This manually annotated corpus contains a total of 18,061 chemical entities recognized in its 4,985 sentences. When possible, the curators included a mapping from the recognized chemical entities to a ChEBI identifier, achieving a total of 8,528 mappings to ChEBI identifiers, that is, 47.2% of the total amount of chemical entities. The relatively low amount of mappings is not only due to the novelty inherent to patent documents, but also because ChEBI is still a recent project under rapid growth.

To increase the amount of available mappings, we checked all previously unmapped entities in the gold standard for a valid ChEBI identifier in an up-to-date release of ChEBI. We were able to increase by 13.7% the amount of mappings to ChEBI, that is, to 9,696 entities, 53.7% of the total entities in the gold standard. Figure 1 shows an example of a sentence containing two chemical entities, from which only one was originally mapped to ChEBI (methyl chloride). After our enrichment process, the second entity (dimethyl sulphate) was also mapped. Our enriched version of the gold standard is also publicly available on demand.

2.2. Named Entity Recognition

Typically, the evaluation of named entity recognition considers exact matching (correct matching of both the left and the right boundary of the named entity) as the most precise assessment. However, exact matching is very strict and sometimes a relaxed assessment, such as partial matching, can produce more useful results [19]. Partial matching evaluation is the most relevant for tools targeted at semisupervised tasks, such as aiding curators in finding target entities through literature analysis. In these cases, a partial identification is sufficient to successfully highlight the presence of entities for manual validation. In partial matching, correct recognition is assumed when any fragment of the named entity is correctly identified in the text. We assessed the results against exact matching criteria, and also against relaxed matching criteria such as the left matching, right matching, left/right matching, and partial matching. The results were obtained for the two chemical entity recognition methods: the dictionary-based method using the Whatizit tool and our machine-learning-based method (see Section 5 for their description). Table 1 shows these results in the chemical entity recognition task.

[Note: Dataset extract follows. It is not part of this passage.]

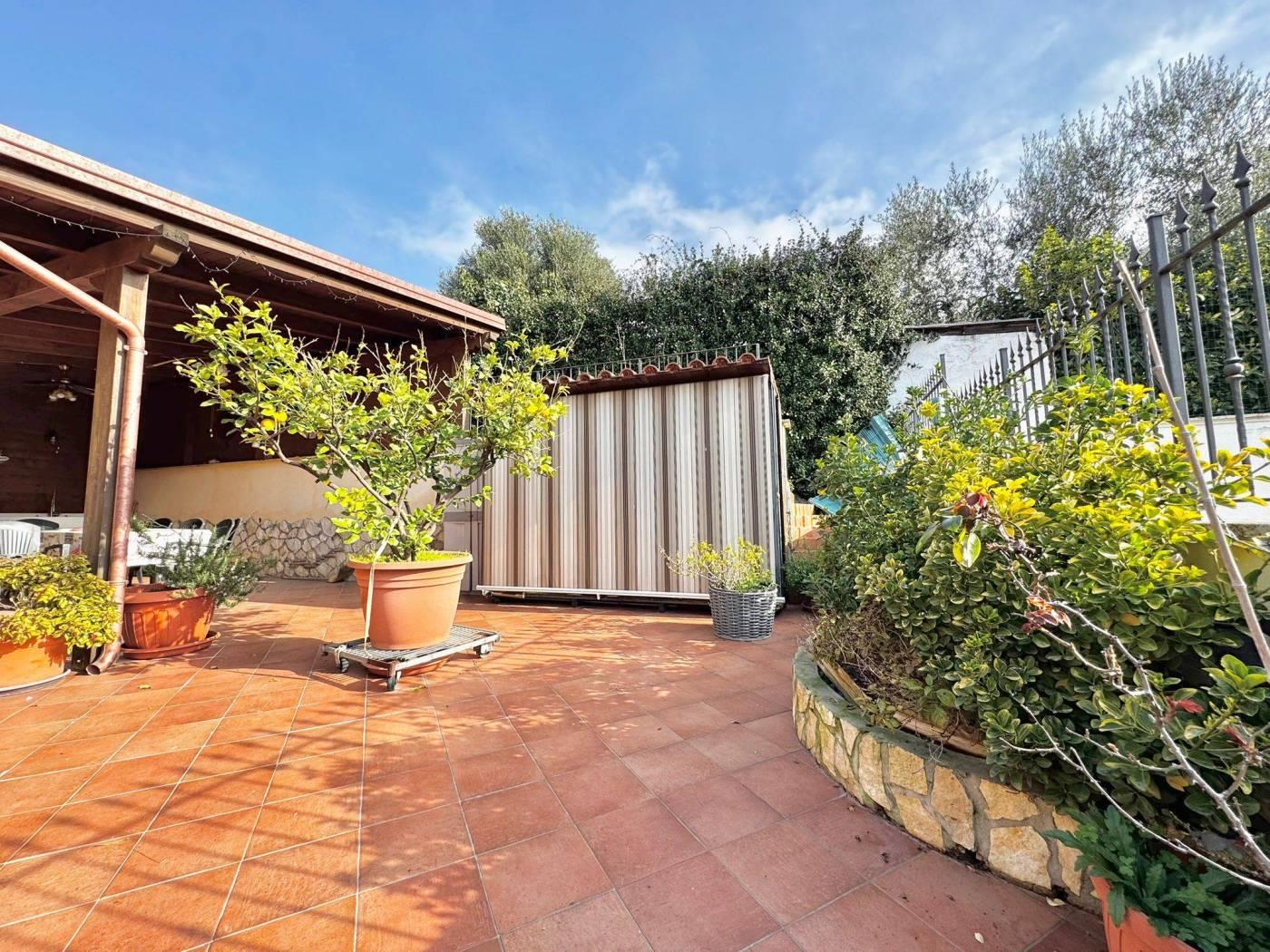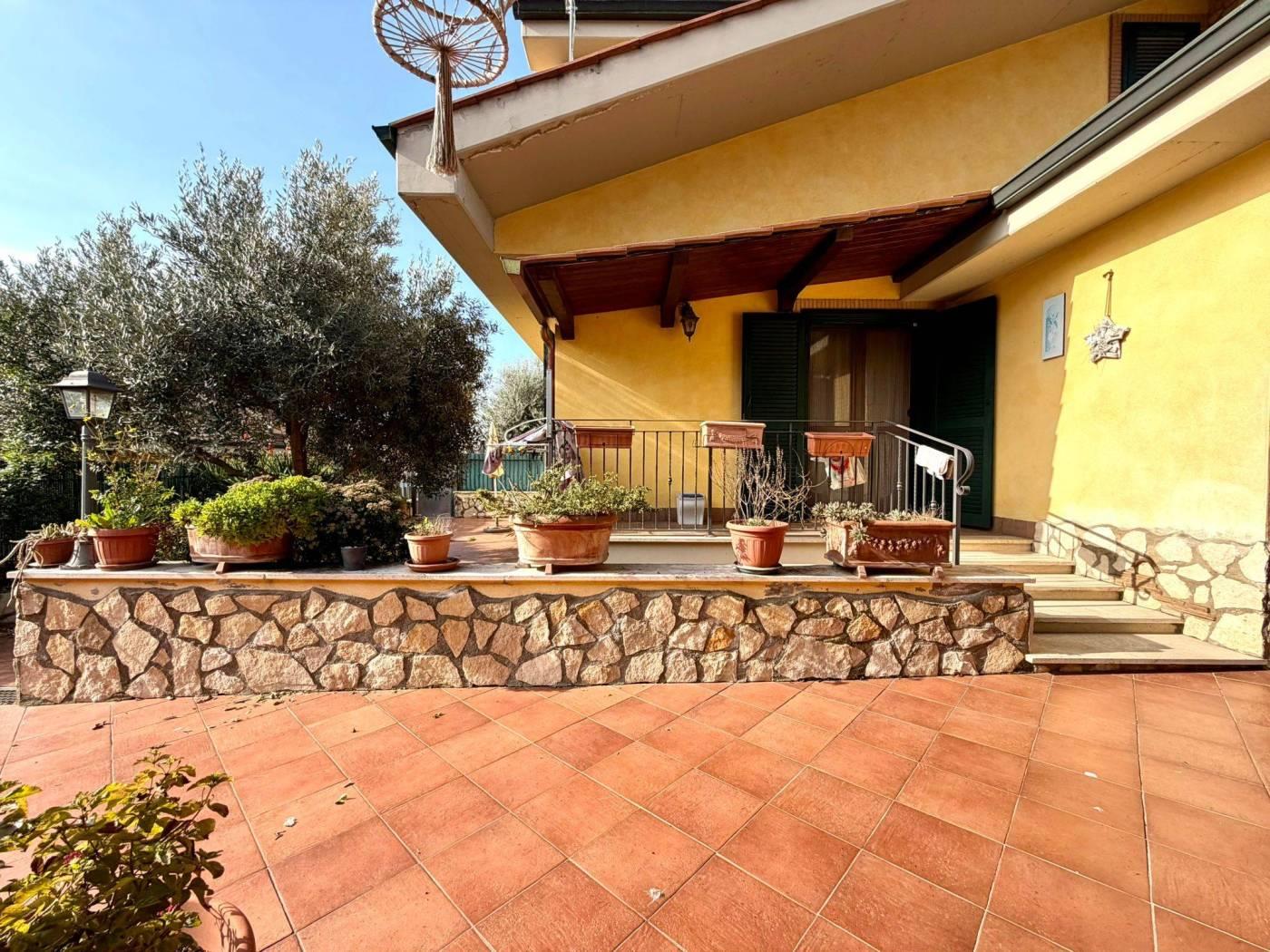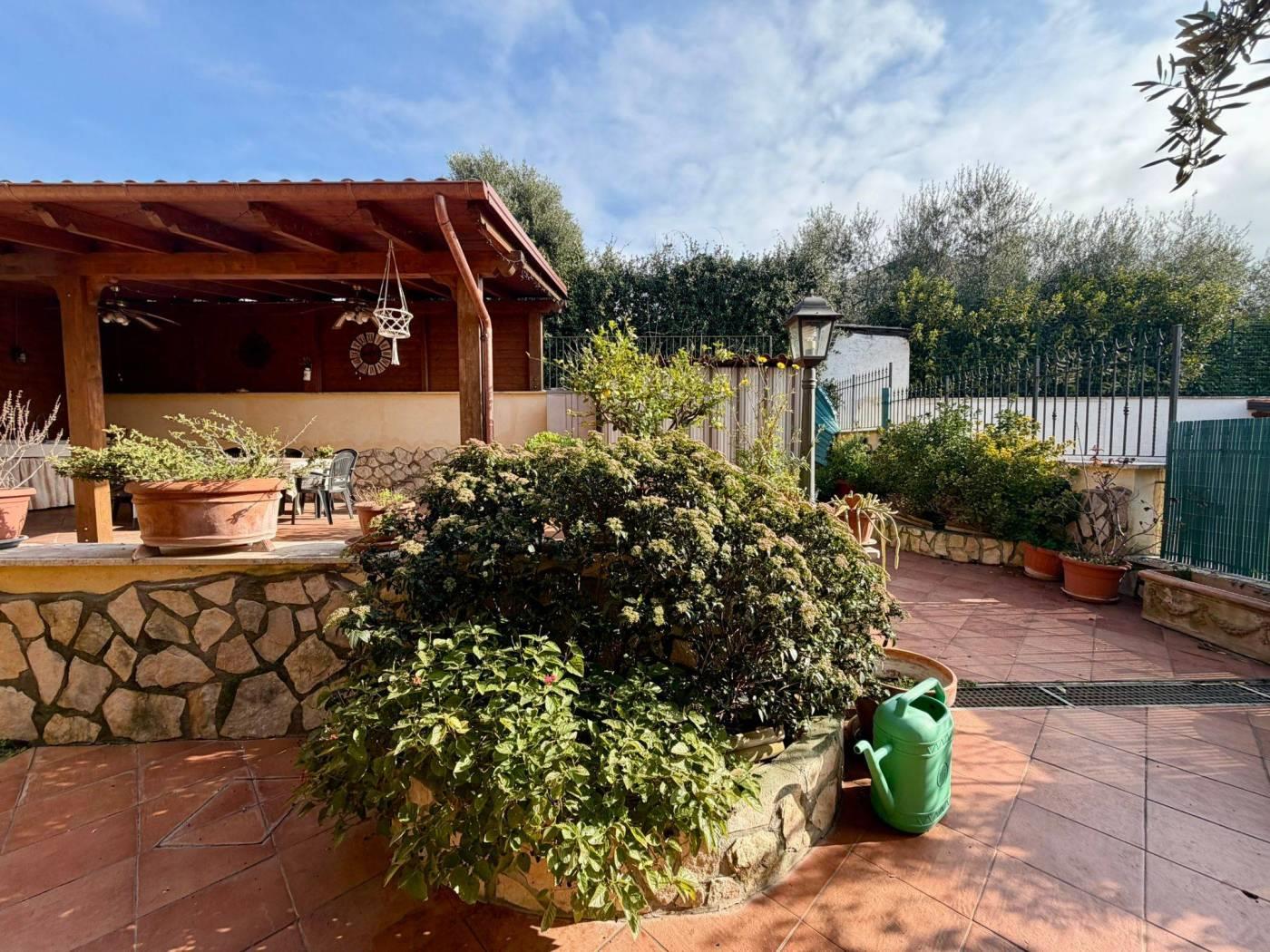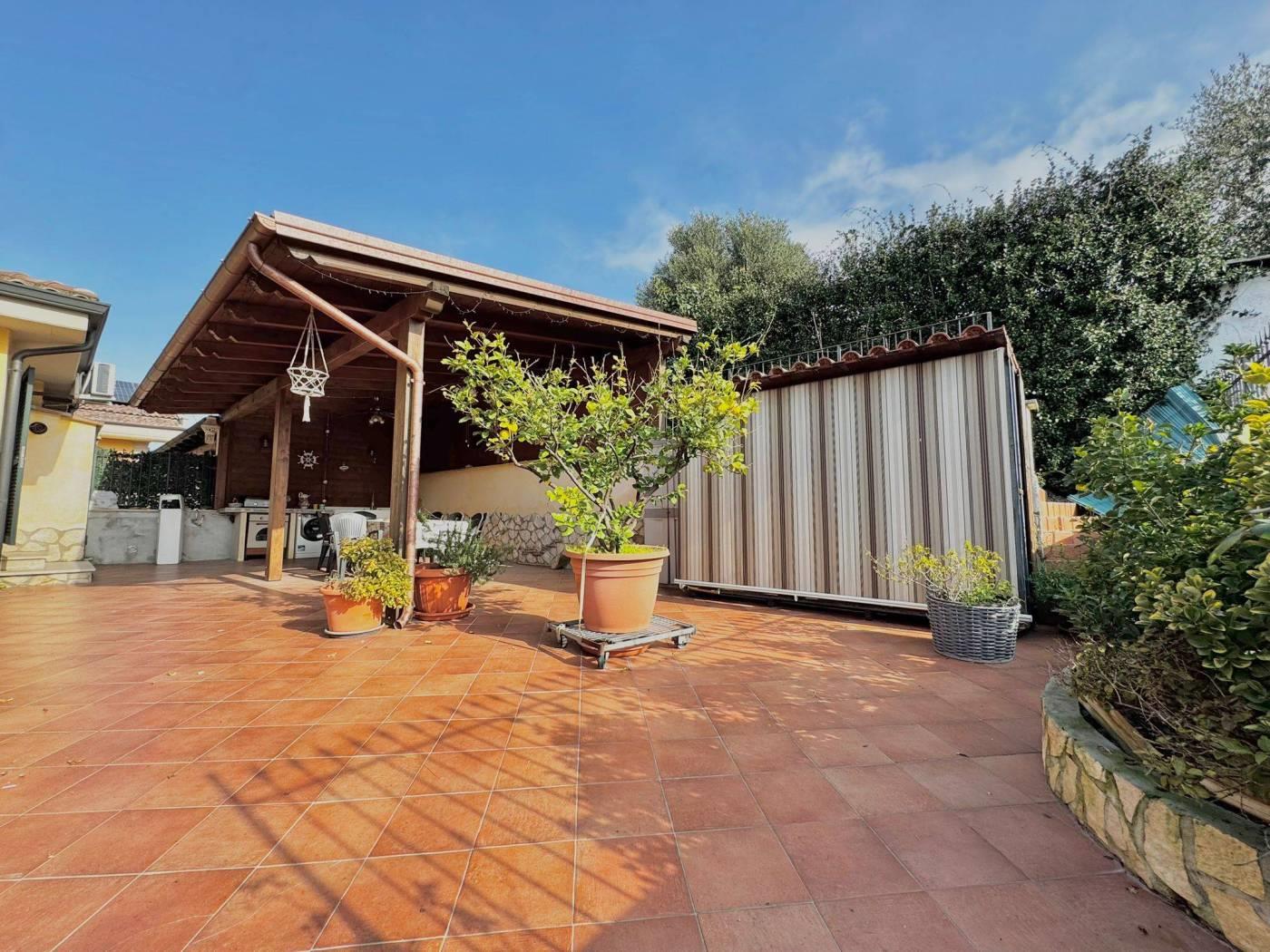 dei residenti e più precisamente in Via Trevi nel Lazio. La corte di pertinenza di circa 150 mq è attualmente prevalentemente pavimentata, soluzione pratica per vivere pienamente gli spazi esterni, ma offre anche la possibilità di essere ripristinata a giardino. Inoltre area esterna appena descritta è arricchita da una pergola in legno con cucina esterna che crea un piacevole ambiente pranzo all'aperto.

For all assessments, our machine-learning method performed better than the dictionary-based method (scoring F-measures on average ~20% than those obtained with the dictionary-based method). The dictionary-based method recognized a similar number of entities to the ones present in the gold standard (18,683). The machine learning method recognized a lower amount of entities (13,832), however, with a much higher precision and recall. Assessments against the right boundary consistently yielded slightly better results than the assessments against the left boundary, for both methods. For the exact matching evaluation, the dictionary-based method obtained an F-measure of 32%, while our machine-learning method obtained 57%, that is, having both much higher precision and recall. For a partial matching, a top F-measure of 77% was achieved by our machine-learning method, while the dictionary-based method achieved 70%. Both methods had a similar recall and the difference was made by the higher precision of the machine-learning method (20% higher precision).

The difference in the performance between the two methods might be explained by the fact that several entities in the annotated corpus do not have a valid ChEBI identifier (i.e., they do not yet exist in the ChEBI dictionary). That makes it impossible for a ChEBI dictionary-based method to find those entities that account for almost 50% of the total entities in the annotated corpus. The machine-learning method does not have this bottleneck and is suited to identify novel compounds not yet present in the database, and thus to aid in database extension. However, to avoid this bias, we analyzed the entity recognition performance only considering the entities in ChEBI, that is, using only the subset of entities manually mapped to ChEBI in the annotated corpus (9,696 out of the 18,061). Table 2 shows these results obtained for both methods.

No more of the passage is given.